_Exercise goal_
Look through the entries below and extract exactly the lines from the one containing "馬蹄ネックレス 316L サージカルステンレス" through the one containing "The Upside 'Fairbanks'", ends included.

_Listed entries_

━━━━━━━━━━

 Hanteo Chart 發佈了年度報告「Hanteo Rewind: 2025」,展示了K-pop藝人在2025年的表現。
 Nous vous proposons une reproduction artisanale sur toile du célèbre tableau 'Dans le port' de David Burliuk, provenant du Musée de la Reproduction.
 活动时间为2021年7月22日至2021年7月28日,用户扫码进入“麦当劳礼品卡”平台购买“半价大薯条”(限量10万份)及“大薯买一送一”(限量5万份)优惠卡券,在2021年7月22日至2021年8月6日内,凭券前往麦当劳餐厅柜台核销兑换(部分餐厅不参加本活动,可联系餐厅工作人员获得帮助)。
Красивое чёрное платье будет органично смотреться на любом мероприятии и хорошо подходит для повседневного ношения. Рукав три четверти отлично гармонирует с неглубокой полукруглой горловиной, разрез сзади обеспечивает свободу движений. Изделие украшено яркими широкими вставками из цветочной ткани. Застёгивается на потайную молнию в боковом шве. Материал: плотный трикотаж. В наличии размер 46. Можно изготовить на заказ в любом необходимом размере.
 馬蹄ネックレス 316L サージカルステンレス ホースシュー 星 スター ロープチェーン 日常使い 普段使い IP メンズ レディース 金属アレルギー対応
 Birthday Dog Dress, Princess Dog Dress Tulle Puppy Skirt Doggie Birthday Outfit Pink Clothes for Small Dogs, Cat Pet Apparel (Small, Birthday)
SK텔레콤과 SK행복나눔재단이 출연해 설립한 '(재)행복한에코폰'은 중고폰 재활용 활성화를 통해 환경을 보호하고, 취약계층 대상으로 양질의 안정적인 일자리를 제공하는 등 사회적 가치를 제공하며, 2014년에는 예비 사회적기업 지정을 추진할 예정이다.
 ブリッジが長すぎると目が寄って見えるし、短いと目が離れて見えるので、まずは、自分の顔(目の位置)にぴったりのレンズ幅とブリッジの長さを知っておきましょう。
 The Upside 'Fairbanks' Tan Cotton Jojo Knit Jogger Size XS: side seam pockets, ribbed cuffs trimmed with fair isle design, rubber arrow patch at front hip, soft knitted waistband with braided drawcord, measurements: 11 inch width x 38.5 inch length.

━━━━━━━━━━

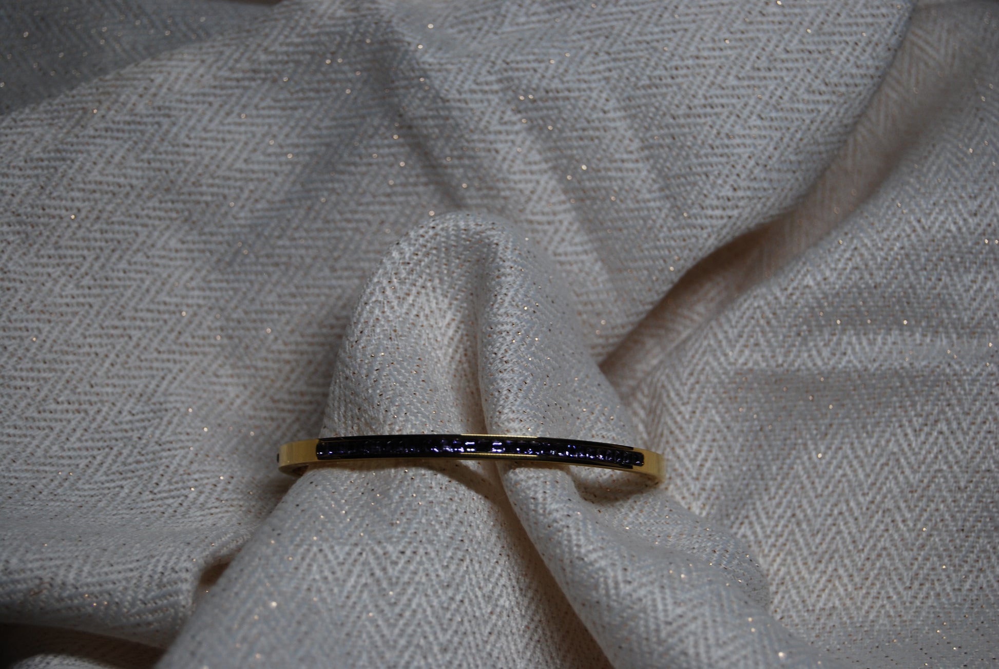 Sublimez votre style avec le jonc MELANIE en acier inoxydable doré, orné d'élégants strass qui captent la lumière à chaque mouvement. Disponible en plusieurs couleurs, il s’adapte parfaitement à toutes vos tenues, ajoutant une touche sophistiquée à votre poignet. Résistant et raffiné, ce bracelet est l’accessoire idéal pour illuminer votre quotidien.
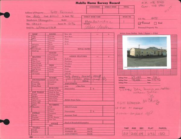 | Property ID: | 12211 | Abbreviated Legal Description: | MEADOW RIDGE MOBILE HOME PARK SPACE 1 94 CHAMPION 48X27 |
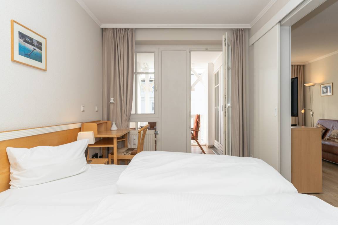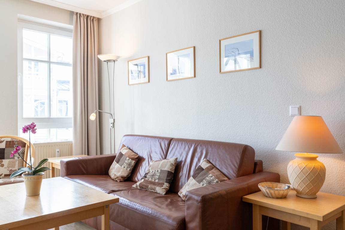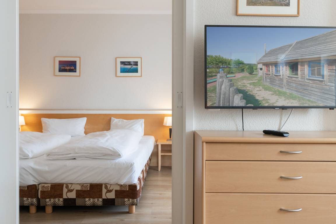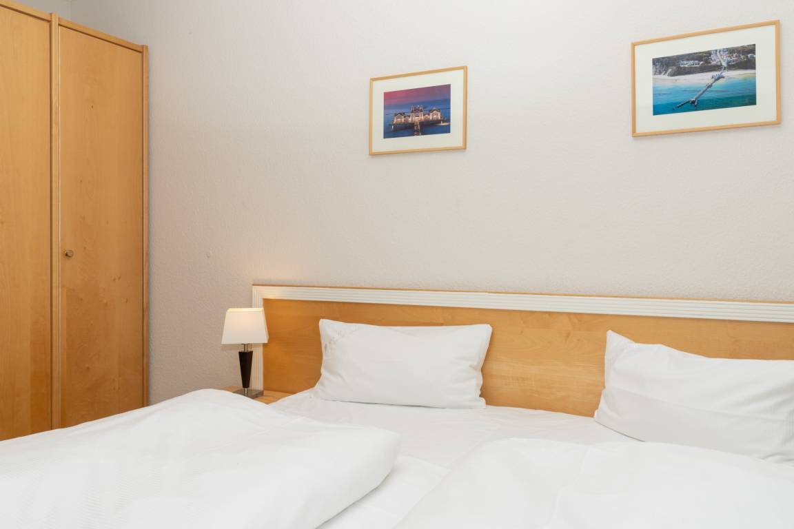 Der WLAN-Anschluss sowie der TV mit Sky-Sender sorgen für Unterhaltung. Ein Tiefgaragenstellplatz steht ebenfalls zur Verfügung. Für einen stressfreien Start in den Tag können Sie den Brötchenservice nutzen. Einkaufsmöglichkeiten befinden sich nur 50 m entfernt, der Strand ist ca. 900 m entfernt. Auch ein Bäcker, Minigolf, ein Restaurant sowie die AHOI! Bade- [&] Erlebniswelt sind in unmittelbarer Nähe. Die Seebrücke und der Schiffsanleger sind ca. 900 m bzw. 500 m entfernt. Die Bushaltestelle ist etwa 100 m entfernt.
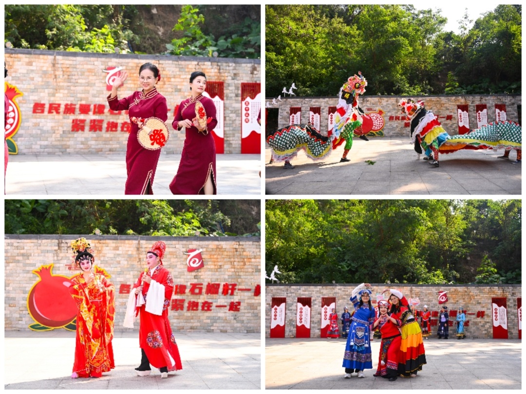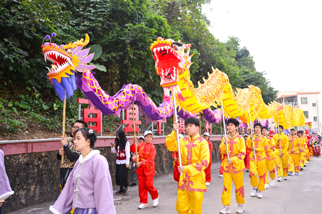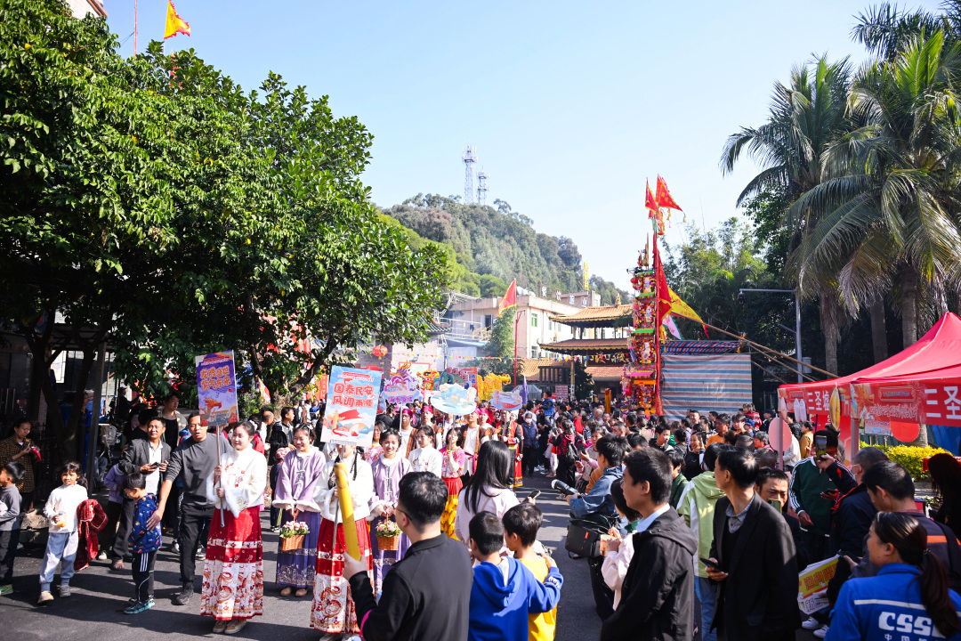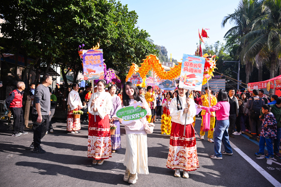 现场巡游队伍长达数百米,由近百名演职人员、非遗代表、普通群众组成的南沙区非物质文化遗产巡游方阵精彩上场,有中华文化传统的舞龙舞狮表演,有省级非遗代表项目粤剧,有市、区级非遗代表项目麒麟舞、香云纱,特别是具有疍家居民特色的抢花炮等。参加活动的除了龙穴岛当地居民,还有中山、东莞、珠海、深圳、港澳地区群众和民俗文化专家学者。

━━━━━━━━━━

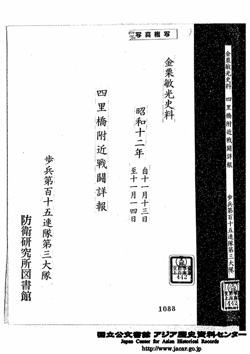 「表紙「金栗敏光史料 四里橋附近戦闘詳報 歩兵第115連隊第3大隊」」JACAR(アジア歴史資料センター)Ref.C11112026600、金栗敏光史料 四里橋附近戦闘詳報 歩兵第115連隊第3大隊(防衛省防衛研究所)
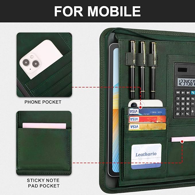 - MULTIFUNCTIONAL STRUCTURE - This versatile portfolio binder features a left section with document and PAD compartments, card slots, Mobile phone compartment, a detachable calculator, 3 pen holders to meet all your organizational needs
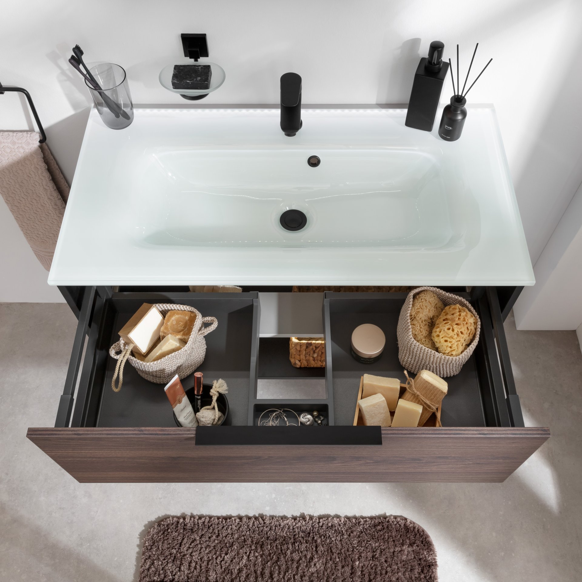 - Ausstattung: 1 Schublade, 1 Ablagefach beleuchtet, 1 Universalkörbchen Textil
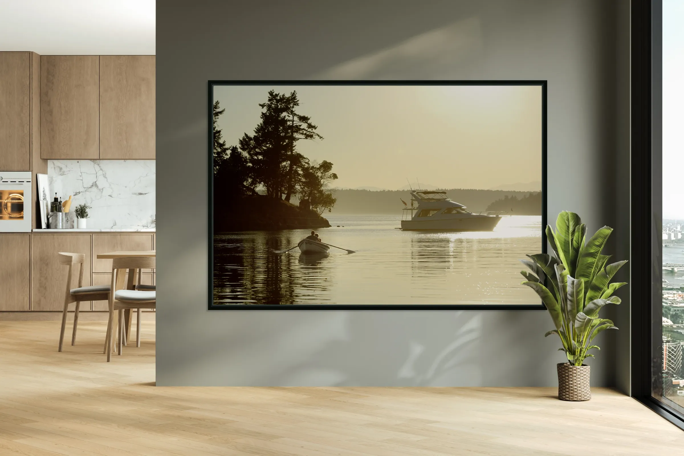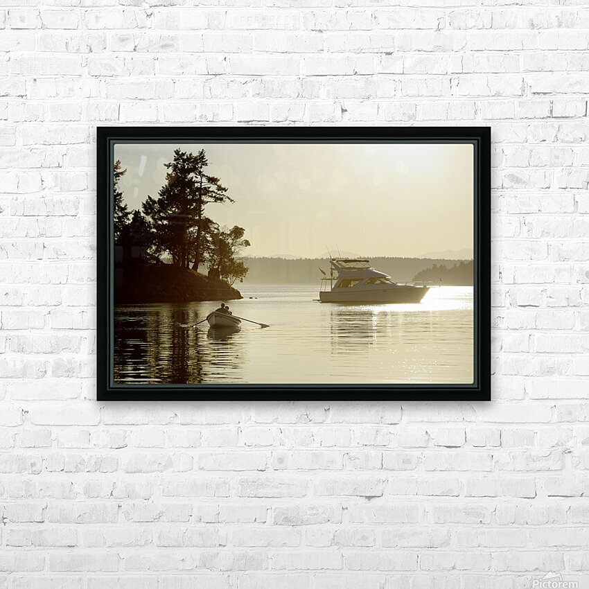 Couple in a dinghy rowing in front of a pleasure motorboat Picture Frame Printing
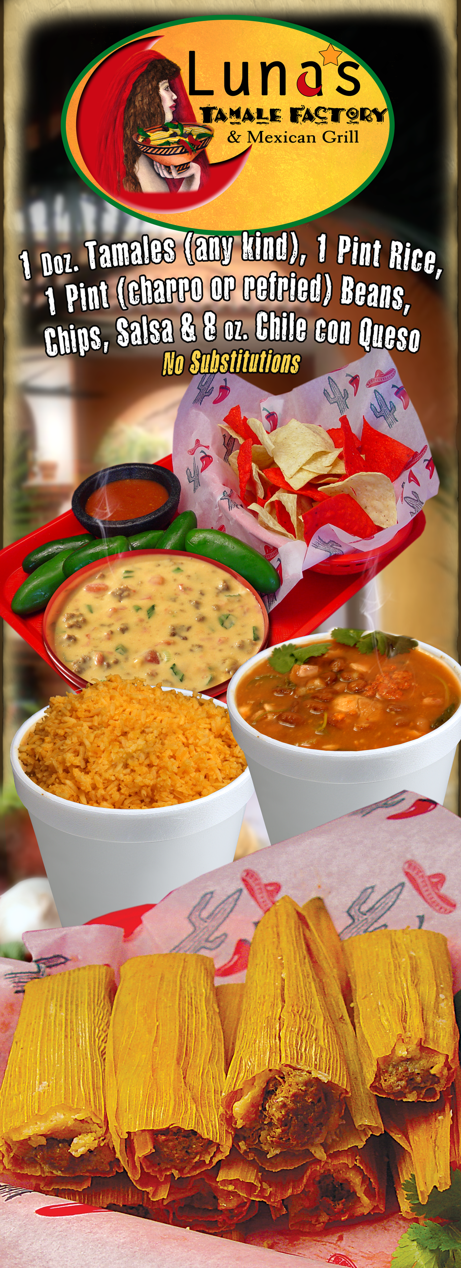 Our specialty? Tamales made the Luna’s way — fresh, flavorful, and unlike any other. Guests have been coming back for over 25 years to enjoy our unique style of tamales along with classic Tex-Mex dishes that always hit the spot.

━━━━━━━━━━

_Answer section_
 馬蹄ネックレス 316L サージカルステンレス ホースシュー 星 スター ロープチェーン 日常使い 普段使い IP メンズ レディース 金属アレルギー対応
 Birthday Dog Dress, Princess Dog Dress Tulle Puppy Skirt Doggie Birthday Outfit Pink Clothes for Small Dogs, Cat Pet Apparel (Small, Birthday)
SK텔레콤과 SK행복나눔재단이 출연해 설립한 '(재)행복한에코폰'은 중고폰 재활용 활성화를 통해 환경을 보호하고, 취약계층 대상으로 양질의 안정적인 일자리를 제공하는 등 사회적 가치를 제공하며, 2014년에는 예비 사회적기업 지정을 추진할 예정이다.
 ブリッジが長すぎると目が寄って見えるし、短いと目が離れて見えるので、まずは、自分の顔(目の位置)にぴったりのレンズ幅とブリッジの長さを知っておきましょう。
 The Upside 'Fairbanks' Tan Cotton Jojo Knit Jogger Size XS: side seam pockets, ribbed cuffs trimmed with fair isle design, rubber arrow patch at front hip, soft knitted waistband with braided drawcord, measurements: 11 inch width x 38.5 inch length.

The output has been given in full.